While Tagraxofusp has proven efficacious in reducing disease burden, it does come with a notable side effect profile, most frequently encountered in the first cycle of therapy. Notable side effects include hepatotoxicity (88%), thrombocytopenia (49%), and capillary leak syndrome (CLS) (19%) [48,50]. Despite facing numerous obstacles, the effectiveness of CD123-targeted therapy in eliciting a clinical response establishes its role as a crucial element in the management of BPDCN for patients who are undergoing initial treatment as well as those with refractory disease.

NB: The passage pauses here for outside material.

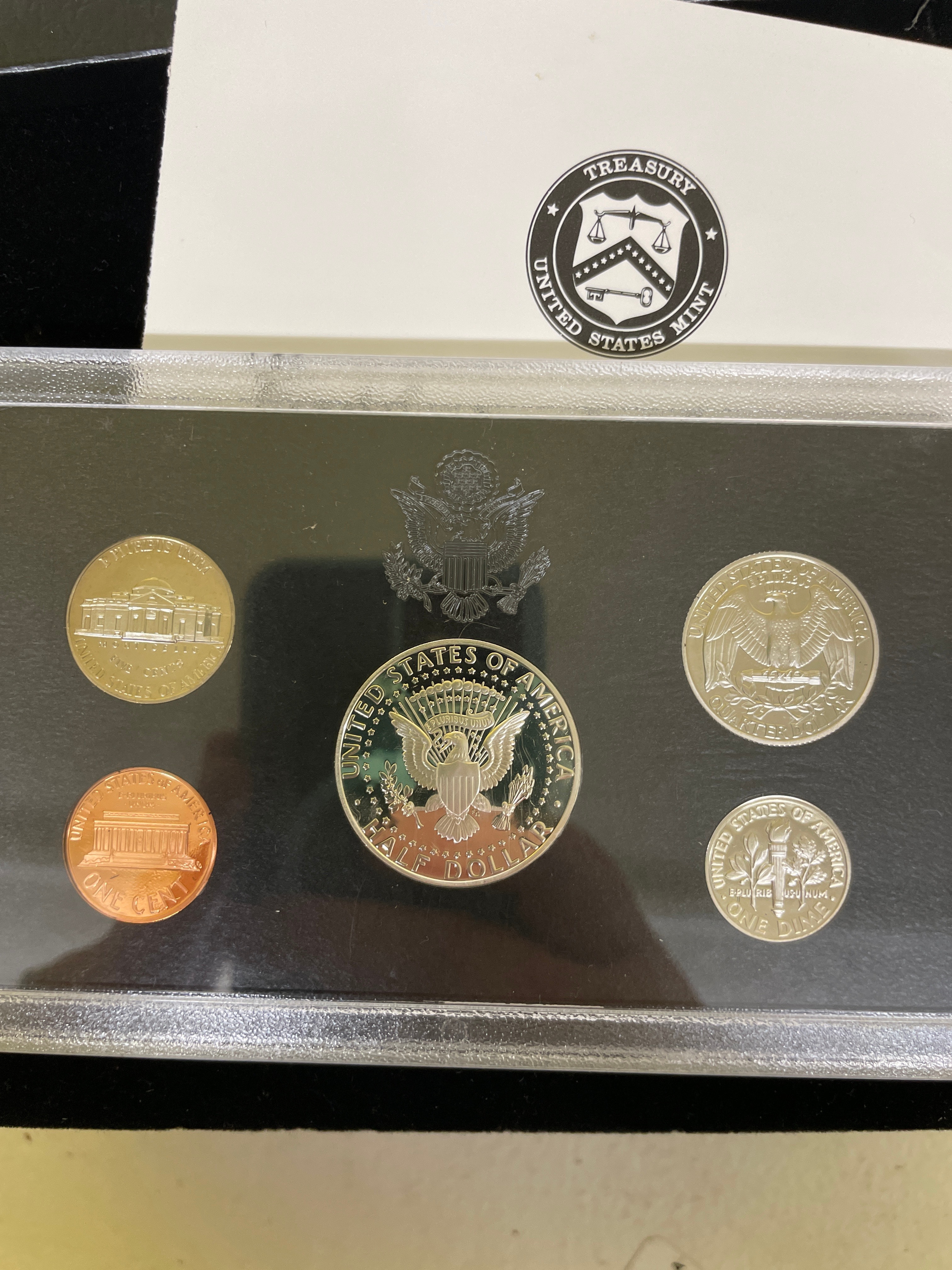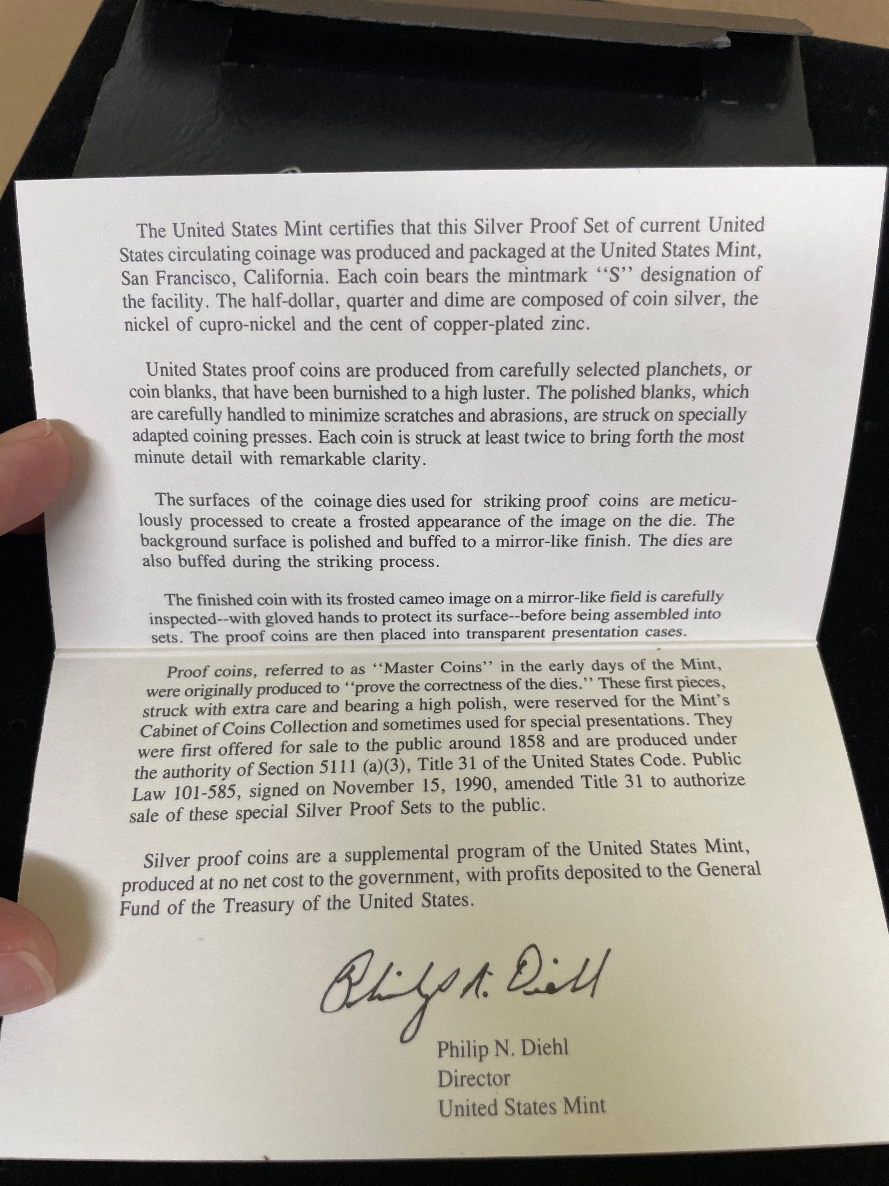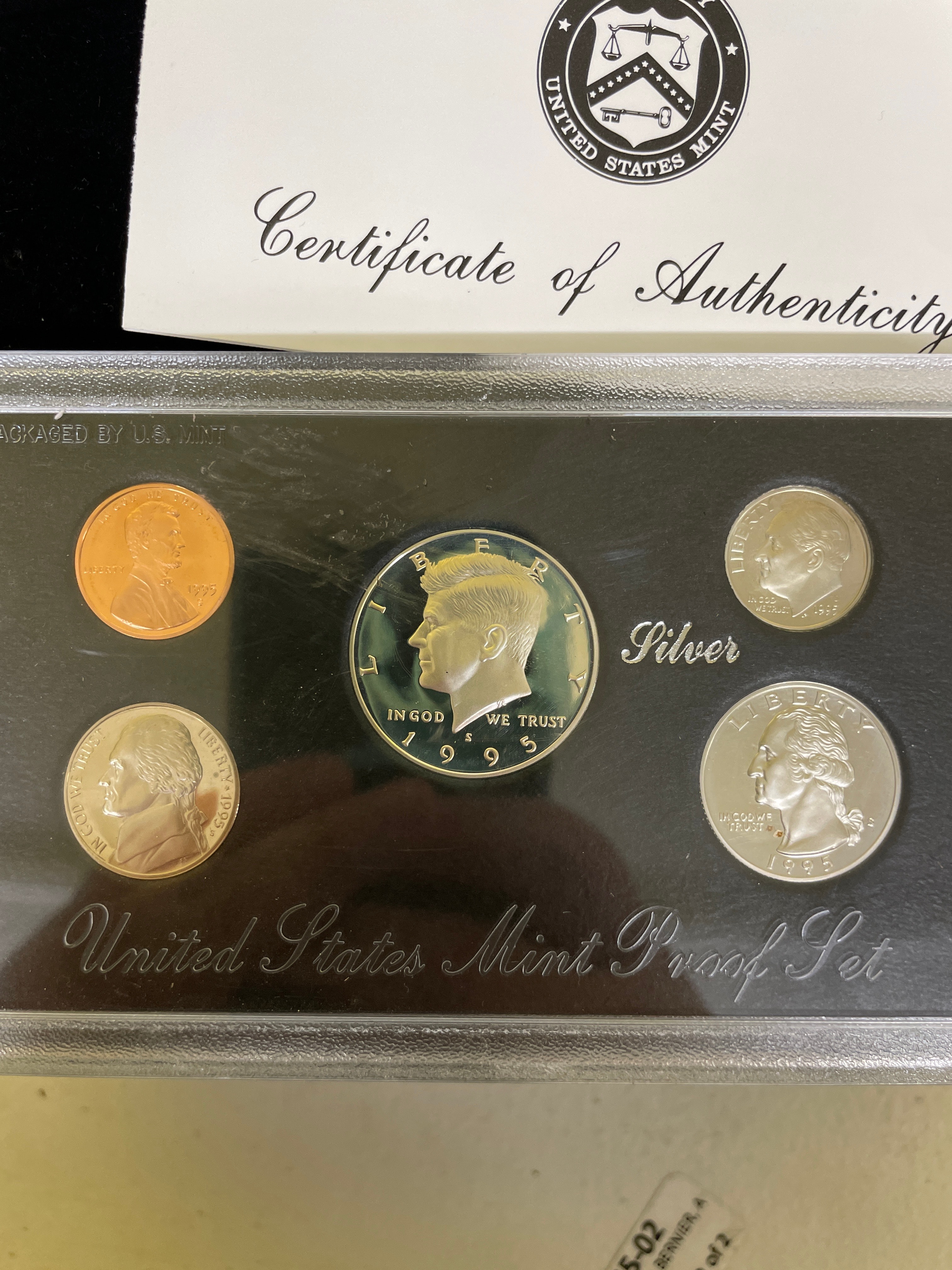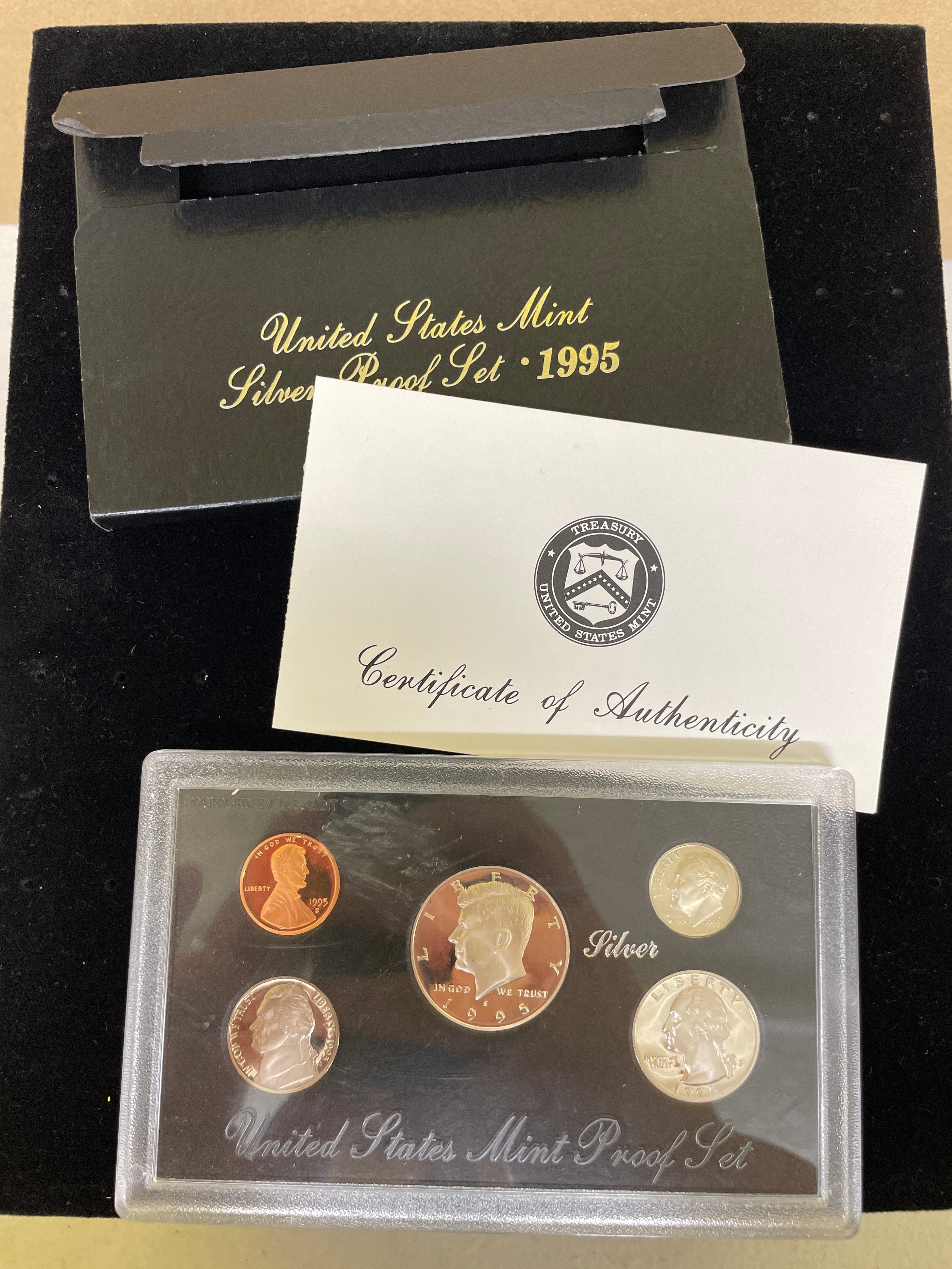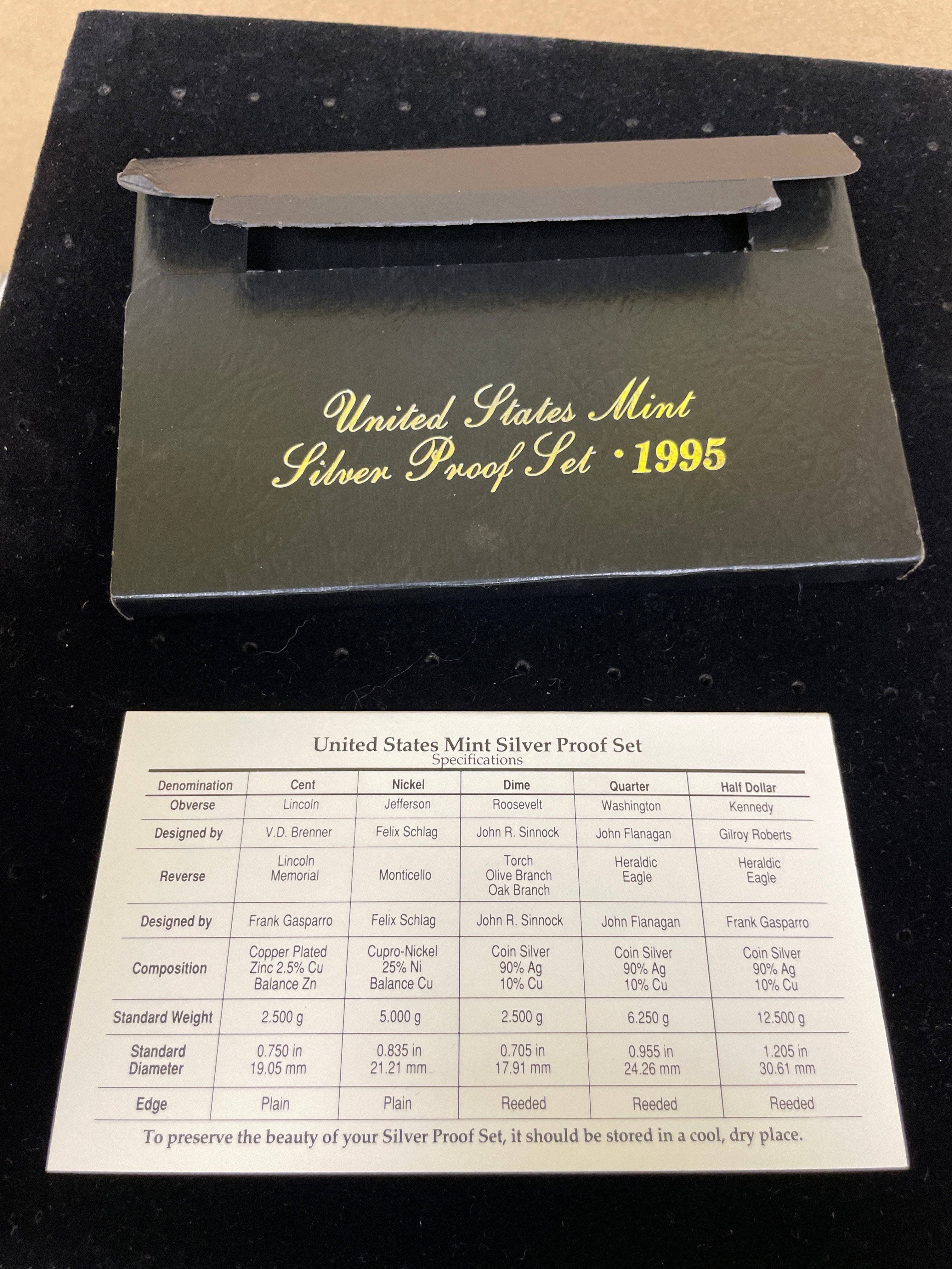 A 1995 United States Mint Silver Proof Set, presented in its original black velvet-lined outer box with gold-foil text reading “United States Mint Silver Proof Set • 1995”. The set includes five modern US circulating coin denominations – a Lincoln cent, Jefferson nickel, Roosevelt dime, Washington quarter, and Kennedy half dollar – all dated “1995.” These coins are encapsulated within a clear, sealed plastic display case against a black background. An accompanying “Certificate of Authenticity” from the United States Mint confirms the dime, quarter, and half dollar are composed of 90% silver, while the cent is copper-plated zinc and the nickel is cupro-nickel. The coins exhibit a distinct proof finish with highly reflective fields and frosted devices, and were produced at the San Francisco Mint.

3.2. Resistance to Tagraxofusp—Combination Therapy

Resistance in cancer cells does not stem from CD123 loss but rather from their ability to resist the diphtheria toxin, facilitated by the DNA methylation-induced silencing of genes in the diphthamide synthesis pathway [51,52,53,54]. Azacytidine has proven effective in reversing diphthamide silencing, thus addressing Tag resistance [55] (Figure 2). Additionally, post-Tag treatment, surviving cancer cells exhibit heightened expression of the anti-apoptotic protein BCL2. Combating these adaptations and boosting sensitivity involves the strategic use of the BCL2 inhibitor Venetoclax alongside conventional chemotherapy [56] (Figure 2).
To address these complexities, ongoing clinical trials (NCT03113643) are exploring Tag in combination with Azacitidine and Venetoclax for patients with BPDCN, AML, and MDS. Emerging data suggest a synergistic effect, leading to enhanced cell death. Azacytidine’s impact on DNA methylation is crucial, reactivating Tag sensitivity in cells that manage to escape, often by downregulating the diphthamide pathway [56].
Ongoing and completed clinical trials are illustrated in Table 1.

3.3. IMGN632

IMGN632 stands as a noteworthy advancement in cancer therapeutics, being a humanized IgG1 monoclonal antibody meticulously engineered for CD123, coupled with a pioneering DNA-alkylating indolinobenzodiazepine pseudodimer (IGN) (Figure 2). This antibody–drug conjugate selectively binds to CD123-expressing cells, undergoing internalization and releasing FGN849, a potent DNA-alkylating agent capable of inducing cell lysis and apoptosis (Figure 2). Notably, IMGN632 exhibits robust efficacy against the BPDCN cell line CAL1 and demonstrates significant activity in vivo within patient-derived xenograft (PDX) models of BPDCN [57,58]. Further supporting its targeted action, studies reveal that decreased CD123 expression in normal hematopoietic stem and progenitor cells correlates with reduced sensitivity to IMGN632 [57,58].
In a recent phase I/II clinical study (NCT03386513), IMGN632 was evaluated as a single agent in patients with relapsed/refractory AML, BPDCN, or other CD123 hematologic malignancies. Among the 23 patients with relapsed/refractory BPDCN, administered at a dose level of 0.045 mg/kg via intravenous infusion once every three weeks, 30% demonstrated an objective response with a composite CR rate of 22% (two CR, two clinical CR (CRc), one CRi, and two partial response). Impressively, the duration of response for the CR/CRc patients ranged between 3 and 9 months, even without undergoing stem cell transplantation. IMGN632 showcased a favorable safety profile, with no grade 3 or higher adverse events reported in more than one patient. The most common adverse events included nausea, peripheral edema, and infusion-related reactions. Notably, in contrast to Tagraxofusp, no instances of CLS were observed [59].
In light of this promising preliminary evidence, IMGN632 received a breakthrough therapy designation (BTD) from the US Food and Drug Administration in 2020, specifically for the treatment of BPDCN. This designation bestows priority review status upon the agent and its manufacturer for future evaluation by the regulatory agency, marking a significant step forward in the pursuit of effective therapies for BPDCN.

3.4. Combination Therapy

IMGN632 is undergoing further investigation in a phase Ib/II study for patients with AML, where it is being assessed in combination with azacitidine, venetoclax, or a combination of both (NCT04086264). The outcomes of this study, encompassing both safety and efficacy data, may potentially pave the way for exploring IMGN632 combinations in the context of BPDCN in the future.
Ongoing and completed clinical trials are illustrated in Table 1.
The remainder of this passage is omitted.